Schattenseiten der Stadtpolitik
Schöner Wohnen
Gerechtigkeit in der Stadt- und Wohnraumpolitik gehört zum Kern linker Forderungen. Lokale Initiativen setzen sich ein gegen Mieterhöhungen, Zwangsräumungen oder für sozialen Wohnungsbau und kritisieren »Gentrifizierung« und Leerstand. Insbesondere in den 1970er Jahren entbrannte in Deutschland der »Häuserkampf«: Leer stehende Immobilien wurden besetzt und illegal genutzt, um gegen Fehler in der Stadtentwicklung zu protestieren.

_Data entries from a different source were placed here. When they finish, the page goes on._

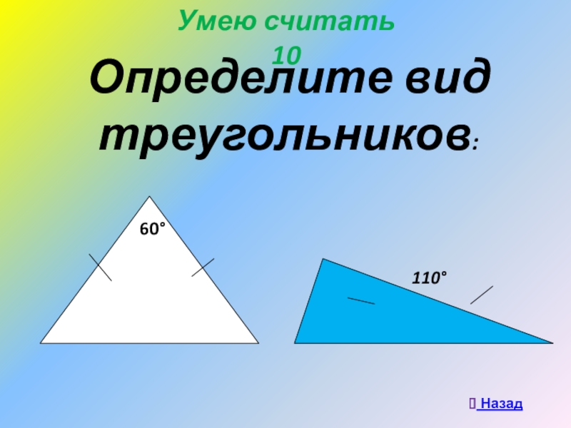НазадУмею считать 10Определите вид треугольников:110°60°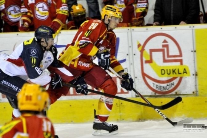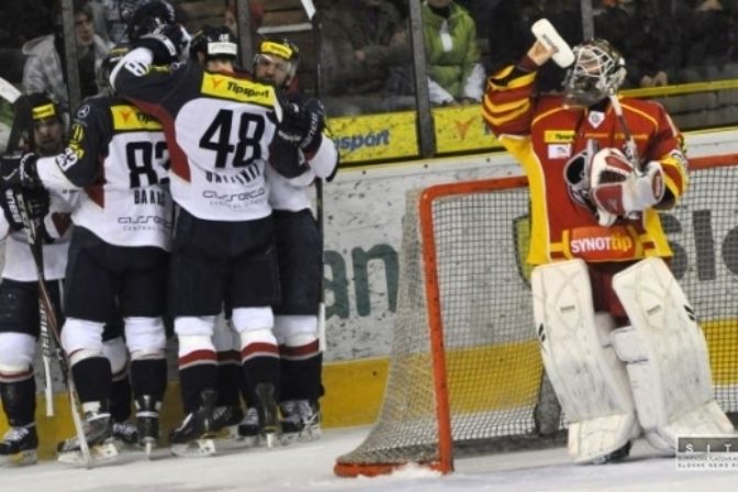 Radosť hráčov Trenčína po treťom góle v druhom zápase semifinále hokejovej Tipsport extraligy medzi HC Slovan Bratislava - Dukla Trenčín. Bratislava, 26. marec 2012. Foto: SITA/Marián Peiger
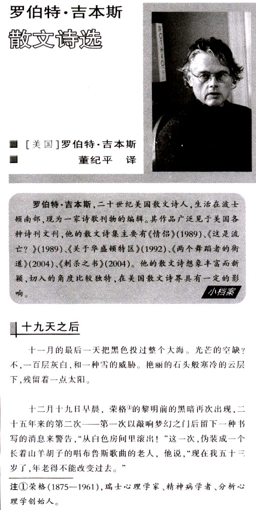 [当代国外诗坛]罗伯特·吉本斯散文诗选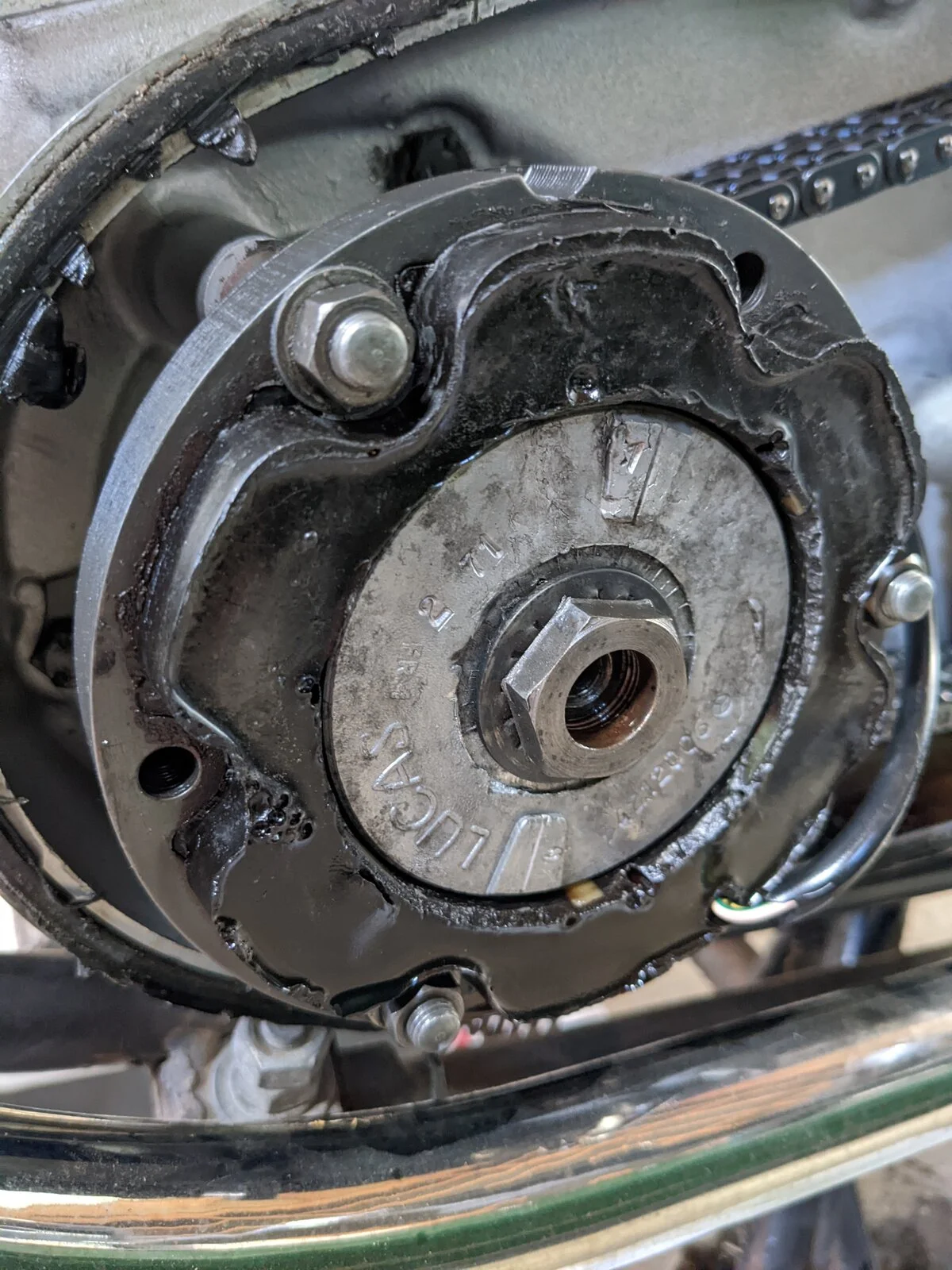 Ummmmmm chain roller bits in the primary CHAIN case... Now where could THOSE be from?

Nicht selten werden der Anstieg der Mieten, der knapper werdende Wohnraum und das Verhalten von Immobiliengesellschaften stark vereinfacht erklärt. Das vielschichtige soziale Phänomen Gentrifizierung wird immer wieder personalisiert und auf Parolen reduziert, wie »Yuppies verpisst Euch!«, »Bonzen raus« oder – ein Berliner Phänomen – »Schwaben raus« und »Schwaben jagen!«. Solche Sprüche reduzieren die Ursache des Problems auf das Fehlverhalten bestimmter Personengruppen und sehen die Lösung entsprechend in deren Beseitigung oder Vertreibung.
Strukturell können damit auch antisemitische Ressentiments bedient werden, denn historisch wie gegenwärtig richtet sich die Aufmerksamkeit immer wieder auf Jüdinnen und Juden, wenn soziale Probleme auf Einzelne abgewälzt werden sollen. Ihnen wird nachgesagt, habgierig und nur auf ihren eigenen Vorteil bedacht zu sein, was sich in Bildern von Parasiten oder Raubtieren niederschlägt. Gerade in der Skandalisierung des sogenannten »Spekulantentums« tauchen diese tradierten Bilder wieder auf, wenn etwa von »Miethaien« oder »Heuschrecken« die Rede ist.